Innerhalb der Mahayana-Tradition nimmt die Lehre des Lotos-Sutras eine besondere Stellung ein. Der chinesische Gelehrte T'ien-t'ai sah hier die Essenz der Lehre Shakyamunis niedergelegt, die dieser in den acht Jahren vor seinem Tod verkündete. Im Lotos-Sutra beschreibt Shakyamuni in sehr poetischen Bildern den Kern seiner Erleuchtung. jeder Mensch - wie auch jedes Phänomen des Universums - besitzt das Potential zur Erleuchtung, ist potentiell selbst Buddha und kann in diesem Leben zu seiner inneren Wahrheit und Erleuchtung erwachen. jeder Mensch ist potentiell erleuchtet und ein Buddha.
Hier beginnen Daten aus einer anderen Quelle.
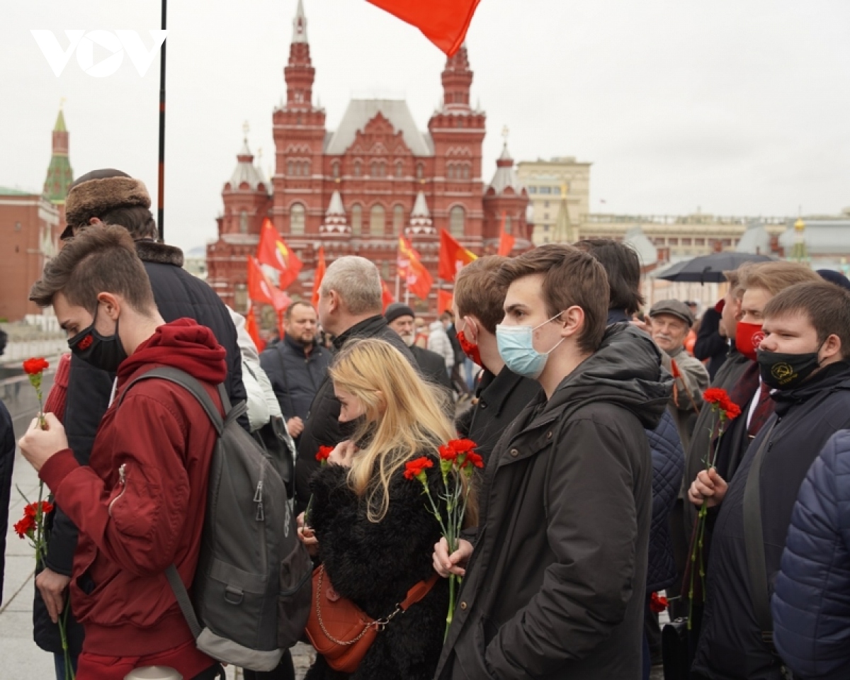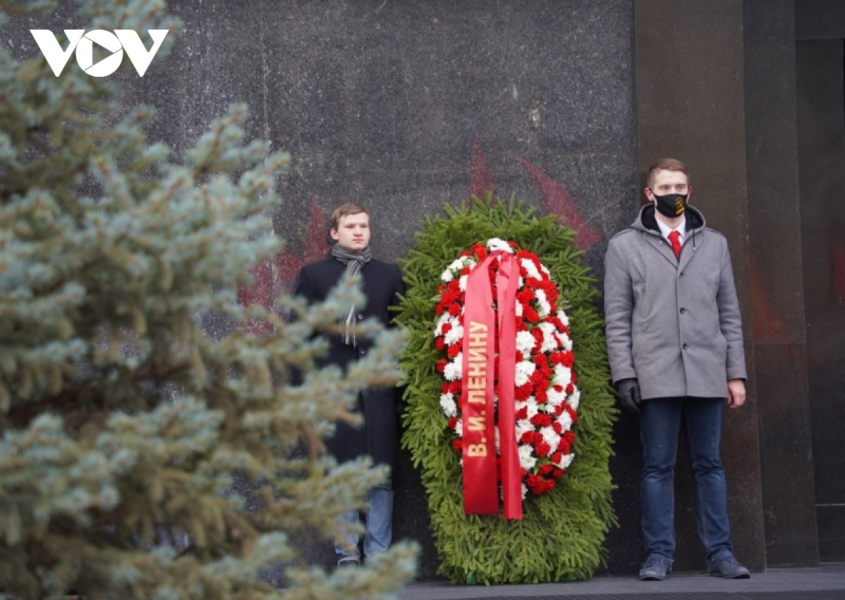 VOV.VN - Nhân kỷ niệm 103 năm ngày thành lập Đoàn thanh niên cộng sản Lenin (Komsomol), các đại biểu của Đảng cộng sản Liên bang Nga, đoàn viên Komsomol, thành viên của các tổ chức xã hội thuộc phong trào yêu nước đã tổ chức lễ đặt hoa và viếng lăng Lenin trên Quảng trường Đỏ (Moscow, Nga).

Das war und ist eine revolutionäre Aussage.
Im Daishutsu-Sutra prophezeite Shakyamuni die zukünftige Entwicklung des Buddhismus über drei Phasen - den Frühen, Mittleren und Späten Tag des Gesetzes. Im Frühen Tag des Gesetzes, der mit seinem Tod begann und tausend Jahre anhielt, konnten viele Menschen direkt die Erleuchtung erlangen. Der Mittlere Tag des Gesetzes war durch die Errichtung von Tempeln und Stupas geprägt. Der Buddhismus durchlief eine Phase der Formalisierung und Ritualisierung und war den Menschen nicht mehr ohne weiteres zugänglich. Folglich war die Kraft der Lehre nur noch denen vorbehalten, die genügend Zeit für die aufwendigen Ausübungen aufbringen konnten. Im Späten Tag des Gesetzes - der heutigen Zeit - ist schließlich der Grundgedanke des Buddhismus soweit verloren gegangen, daß er den allgegenwärtigen Problemen nicht mehr adäquat begegnen kann.
Aber Shakyamuni sagte auch voraus, daß im Späten Tag des Gesetzes ein Buddha - der Ausübende des Lotos-Sutras - erscheinen wird, der die richtige Lehre für dieses Zeitalter verbreiten wird. Dieser Buddha wird auf Ablehnung und Feindseligkeit stoßen, doch durch seine Lehre werden die Menschen ihre eigene Buddhaschaft verwirklichen können.